### Given data
• • • • •
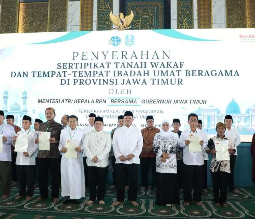 Surabaya, Swarakaltim.com – Menteri Agraria dan Tata Ruang/Kepala Badan Pertanahan Nasional (ATR/BPN), Nusron Wahid, bersama Gubernur Jawa Timur, Khofifah Indar Parawansa, menyerahkan sebanyak 2.532 sertipikat tanah wakaf dan rumah ibadah. Penyerahan tersebut berlangsung di Masjid Nasional Al-Akbar Surabaya, Sabtu (13/12/2025). Dalam kesempatan itu, Menteri Nusron menegaskan pentingnya kolaborasi antara pemerintah pusat dan daerah, lembaga […]
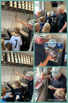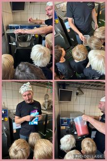 Uns wurde der Vorgang sowie alle Schritte zur Eisherstellung genauestens erklärt, wir haben uns die Maschinen angeschaut, durften natürlich fleißig mitwirken und alle Kinder waren aufmerksam und begeistert bei der Herstellung und Umsetzung dabei.
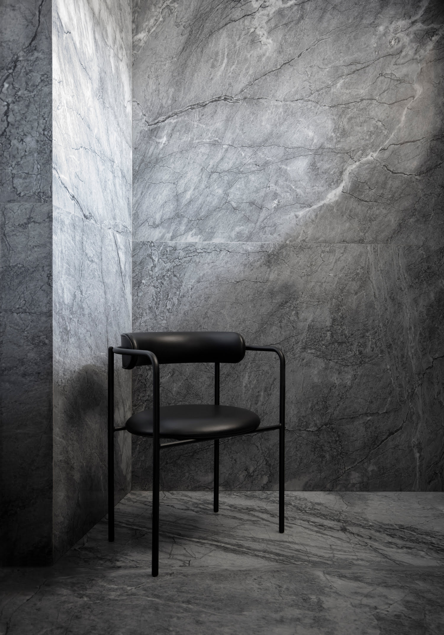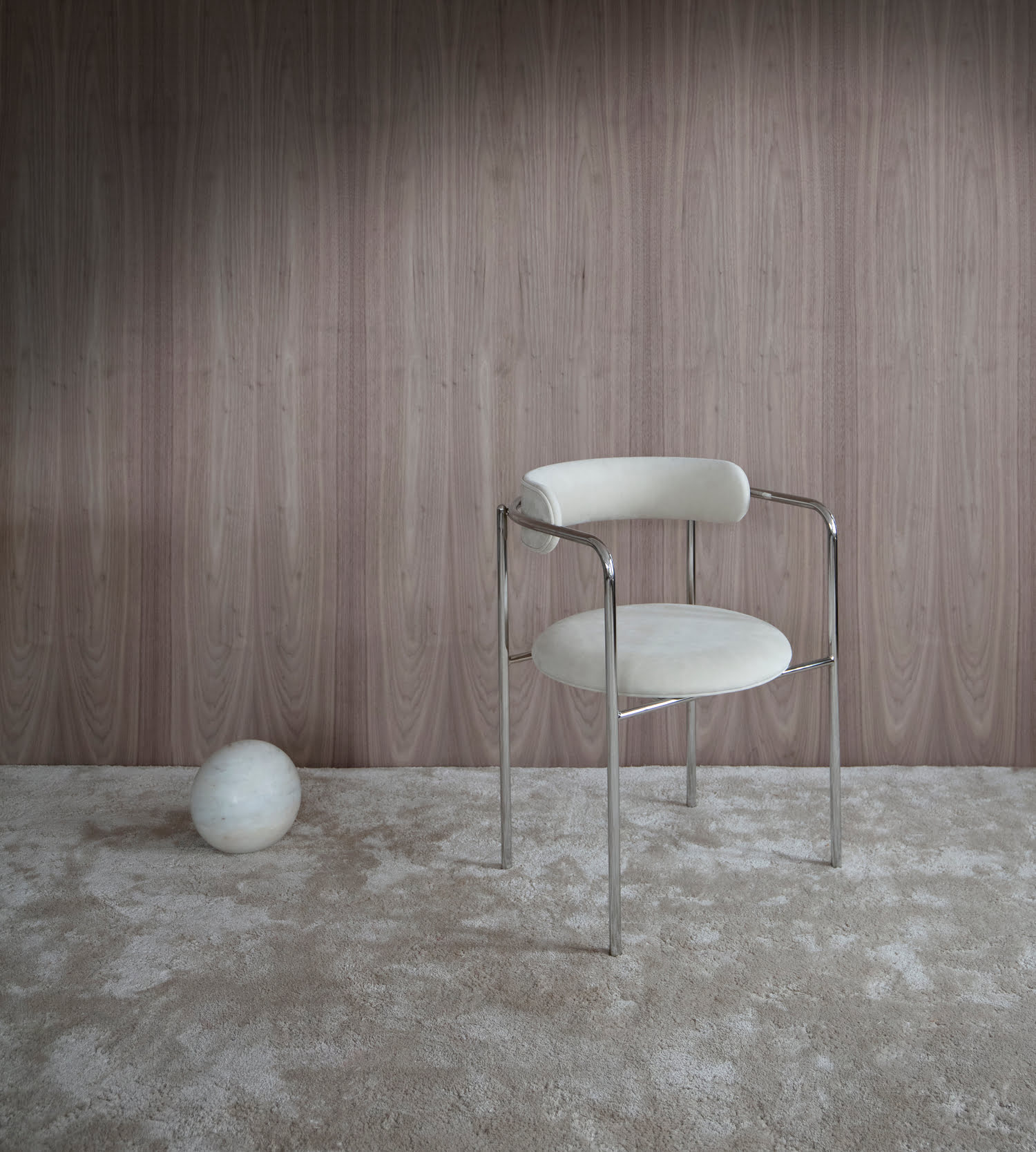 Сиденье и спинка стула FF Chair обиты саржей (53% вискоза, 37% шерсть, 8% лён, 2% акрил). В каталоге отделки можно выбрать другую ткань или кожу и их цвет. Стальной каркас чёрный с порошковым покрытием или хромированный.
• • • • •
From the first line to the last, set down the data exactly, without the pictures.

### Response to the task
 Surabaya, Swarakaltim.com – Menteri Agraria dan Tata Ruang/Kepala Badan Pertanahan Nasional (ATR/BPN), Nusron Wahid, bersama Gubernur Jawa Timur, Khofifah Indar Parawansa, menyerahkan sebanyak 2.532 sertipikat tanah wakaf dan rumah ibadah. Penyerahan tersebut berlangsung di Masjid Nasional Al-Akbar Surabaya, Sabtu (13/12/2025). Dalam kesempatan itu, Menteri Nusron menegaskan pentingnya kolaborasi antara pemerintah pusat dan daerah, lembaga […]
 Uns wurde der Vorgang sowie alle Schritte zur Eisherstellung genauestens erklärt, wir haben uns die Maschinen angeschaut, durften natürlich fleißig mitwirken und alle Kinder waren aufmerksam und begeistert bei der Herstellung und Umsetzung dabei.
 Сиденье и спинка стула FF Chair обиты саржей (53% вискоза, 37% шерсть, 8% лён, 2% акрил). В каталоге отделки можно выбрать другую ткань или кожу и их цвет. Стальной каркас чёрный с порошковым покрытием или хромированный.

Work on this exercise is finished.